Formed in 2008 by Victorian Tom Harding with support from Farina Station owners Kevin and Anne Dawes and the South Australian Outback Development Trust in Port Augusta, the group is financed by fundraisers and various grants.
The volunteers generally meet once a year at Farina in June/July to run fundraising events and work on the various restoration projects. With the help of a professional stonemason they are working on preserving the original buildings, marking roads, researching and creating interpretive signage. They have restored the unique underground bakery which is used at fundraising events; restored the cemetery, built a commemorative cairn for the Farina men that were lost during WWI and II, and recently built Patterson House as a Visitor Centre.
Farina was a railway town 60km South of Marree and has 10 historic Australian stone buildings, which were falling down. The Great Northern railway (The Ghan) and a standard gauge railway passed through the town.
Farina is located within the Lake Eyre Basin, on the old alignment of the Ghan railway, 600 km north of Adelaide. It is 26 km north of Lyndhurst and 55 km south of Marree.

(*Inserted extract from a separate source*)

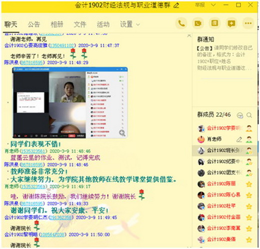 个人觉得值得一提的是:我在组织学生准备进入课堂时并不占用课堂的时间,而是7:40进行在线举行升旗仪式。课堂上,围绕知识点“会计工作的行政管理”准备了很多生活化、现实的讨论话题,激发了同学们很大的兴趣,教学内容中还添加了防疫、爱国、时事等与时俱进的内容,倡导尊重自然,敬畏生命,直播过程中很多同学在讨论区与老师进行积极的交流分享,在线课堂气氛活跃,受到同学们一致好评。授课结束时“老师辛苦了”的学生评价在群里不断闪烁,大家感觉意犹未尽,感觉怎么这么快就下课啦?这些来自于学生的认同激励我日后更加努力的提升自己,更好的教导学生。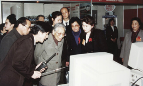 1986 年国家领导人参观华杰公司公路桥梁 CAD 科技成果展台

No longer inhabited, it was originally surveyed and proclaimed a town on 21 March 1878. It was first known as ‘Government Gums’ because of the mature River Red Gums in the creek to the north of the town but later its name was changed to “Farina” (Latin for wheat or flour) by farmers who optimistically hoped to turn the vast flat lands here into fields of grain.
432 quarter acre blocks were laid out during the 1880s with a population of about 100 adults and 50 children which tripled by the end of the decade. With the introduction of the northern railway known as the Ghan, it became the railhead from Port Augusta in 1882 until the line was extended to Marree two years later (eventually making Oodnadatta in 1891 and Alice Springs in 1929).
With good rains, Farina flourished and the population rose to about 600 at its peak with a bakery, grain store, two breweries, two hotels, a general store, post office, an Anglican church, cemetery, five blacksmiths, a school and even a brothel. However, years of drought and dust storms, the closing of the gold and silver mines nearby in 1927 and re-alignment of the Ghan railway line during the 1980s forced the eventual abandonment of the town.